1. yfiance로 주요 기업 티커 및 재무 지표 추출

타깃 시장의 모든 티커를 추출하는 함수와 멀티플을 추출하는 함수를 작성한다.

# import libraries to get financial statement data
# Import required libraries
import pandas as pd
import numpy as np
import yfinance as yf
import requests
import json
from datetime import datetime, timedelta
import matplotlib.pyplot as plt
import seaborn as sns

def get_symbols(region='us', sector='Technology', peer_group='Software & Services'):
    # Get software & services tickers from Yahoo Finance
    query = yf.EquityQuery('and',[
    yf.EquityQuery('EQ',['region', region]),
    yf.EquityQuery('EQ',['sector', sector]),
    yf.EquityQuery('EQ',['peer_group', peer_group])
    ])

    offset = 0
    size = 250
    res = yf.screen(query=query, offset=0, size=250, sortAsc=True)
    df_symbols = pd.DataFrame(res['quotes'])[['symbol','shortName']]

    if res['total'] > size:
        for i in range(res['total']//size):
            offset += size
            res = yf.screen(query=query, offset=offset, size=size, sortAsc=True)
            df_symbols = pd.concat([df_symbols, pd.DataFrame(res['quotes'])[['symbol','shortName']]])

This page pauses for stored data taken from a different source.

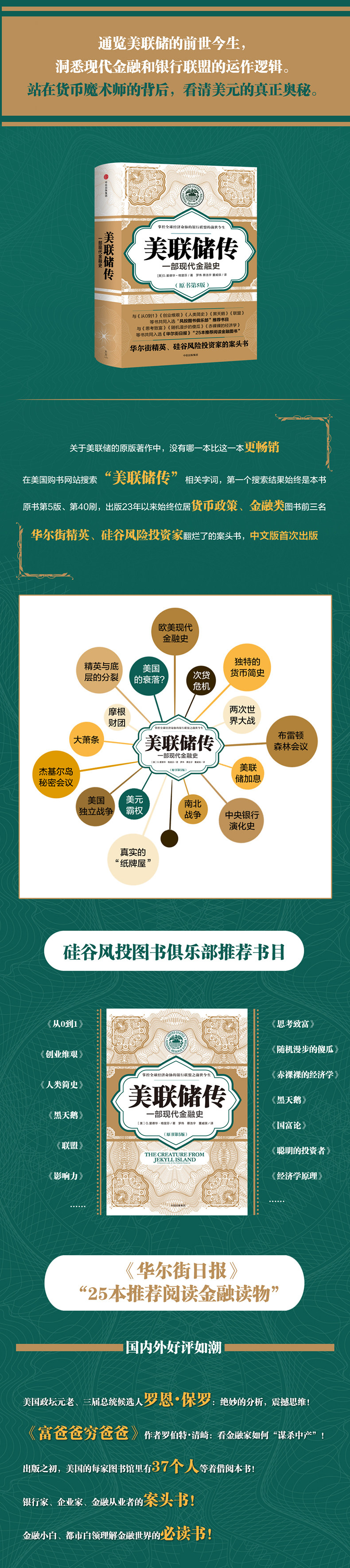美联储之前的欧美银行是如何运作的?美联储参照了哪些银行的“模板”?现代金融是否必然催生出美联储?金融大亨为何会在与世隔绝的杰基尔岛上秘密筹建美联储?美联储为何被设计成一个既非私人也非国有的奇特结构?华尔街与美联储为什么把货币政策包装得如此复杂,让普通人难以理解?为什么美联储可以预测每次经济危机却不能阻止?为什么次贷危机之后美国政府必须救助大而不倒的银行?为什么关于美联储的阴谋论如此盛行?为什么美联储不希望美国削减国债?美联储加息对普通人而言到底意味着什么?……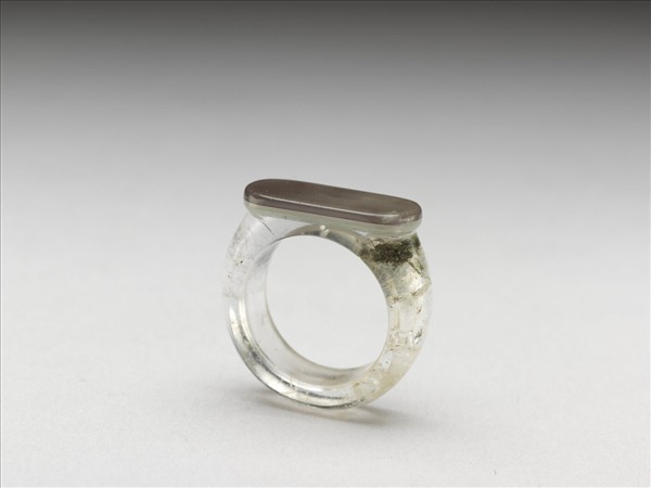 馬鞍形戒指,通體由水晶雕琢而成,戒面為長弧形凸出戒環。水晶質地透明,有璺有綹,帶綠色礦物質。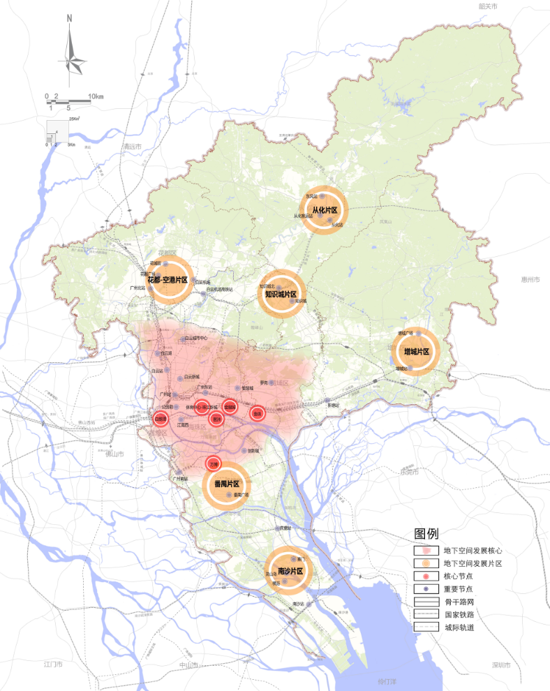 在地下空间总体布局方面,《规划》根据《广州市国土空间总体规划(2021-2035 年)》,结合地下空间需求分析,以轨道交通网络为骨架,多线换乘(枢纽)站点为节点统筹地下空间片区发展,形成“一核、一网、六片”的空间结构。一核指中心城区,为地下空间发展核心区;一网指规划轨道交通网络;六片为花都—空港、知识城、从化、增城、番禺和南沙地下空间发展片区。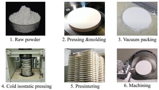 The production of zirconium dioxide CAD/CAM blocks is based on the dry-pressing process, a simple method that has the advantage of offering easy batch production, in addition to the fact that the ceramic blocks obtained have few defects and are of good quality, which is convenient for mechanized and automatic production. This production process is generally composed of the following steps: raw material process, green-forming process, pre-sintering, block-forming process, and inspection and packaging. These steps are briefly detailed below [89].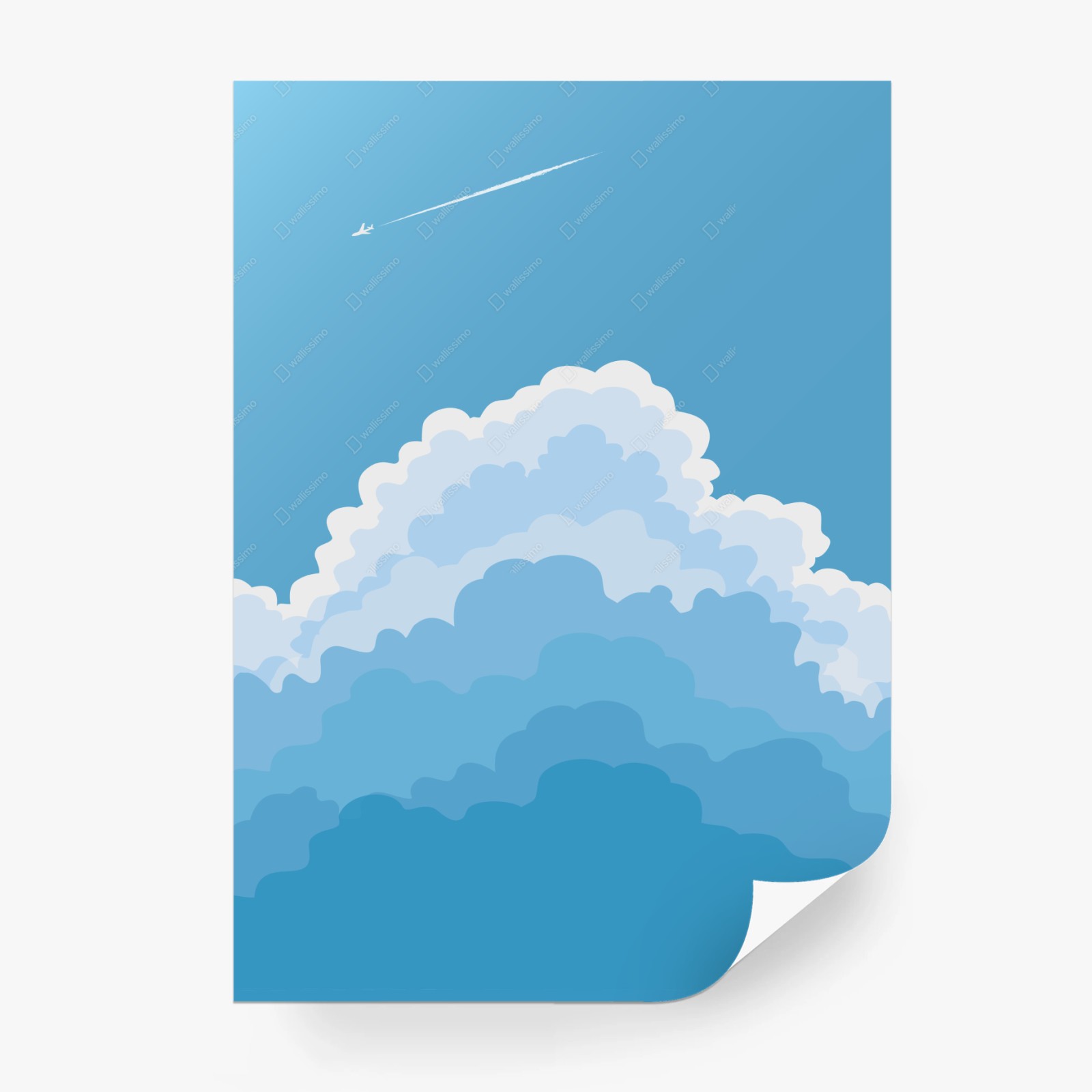 - nuvole, panorama, volo, cielo, minimalista, sereno, illustrazione, aeroplano, azzurro, scia

    df_symbols.reset_index(drop=True, inplace=True) 
    return df_symbols

def get_valuation_multiples(symbol):
    def safe_get(info_dict, key):
        try:
            result = info_dict.get(key)
            if result is None:
                print(f"Warning: {key} returned None")
            return result
        except:
            print(f"Error getting {key}")
            return None
            
    def safe_ratio(info_dict, numerator_key, denominator_key):
        try:
            numerator = safe_get(info_dict, numerator_key)
            denominator = safe_get(info_dict, denominator_key)
            if numerator is None or denominator is None:
                print(f"Warning: Could not calculate ratio {numerator_key}/{denominator_key} - numerator or denominator is None")
                return None
            if denominator == 0:
                print(f"Warning: Could not calculate ratio {numerator_key}/{denominator_key} - denominator is 0")
                return None
            return numerator / denominator
        except:
            print(f"Error calculating ratio {numerator_key}/{denominator_key}")
            return None

    # Get info and initialize multiples dict
    info = yf.Ticker(symbol).info
    multiples = {}

    # Direct values
    multiples['PER'] = safe_get(info, 'trailingPE')
    multiples['PBR'] = safe_get(info, 'priceToBook')
    multiples['EV/Revenue'] = safe_get(info, 'enterpriseToRevenue')
    multiples['EV/EBITDA'] = safe_get(info, 'enterpriseToEbitda')
    multiples['PEG'] = safe_get(info, 'trailingPegRatio')
    multiples['Profit Margin'] = safe_get(info, 'profitMargins')
    multiples['Operating Margin'] = safe_get(info, 'operatingMargins')
    multiples['ROA'] = safe_get(info, 'returnOnAssets')
    multiples['ROE'] = safe_get(info, 'returnOnEquity')
    multiples['Beta'] = safe_get(info, 'beta')
    multiples['Debt/Equity'] = safe_get(info, 'debtToEquity')

    # Calculated ratios
    multiples['Cash/Revenue'] = safe_ratio(info, 'totalCash', 'totalRevenue')
    multiples['Debt/Revenue'] = safe_ratio(info, 'totalDebt', 'totalRevenue')

    return multiples

get_symbols() 함수를 기본 인자로 실행하면 아래와 같이 339개의 티커명, 기업명을 가져올 수 있다.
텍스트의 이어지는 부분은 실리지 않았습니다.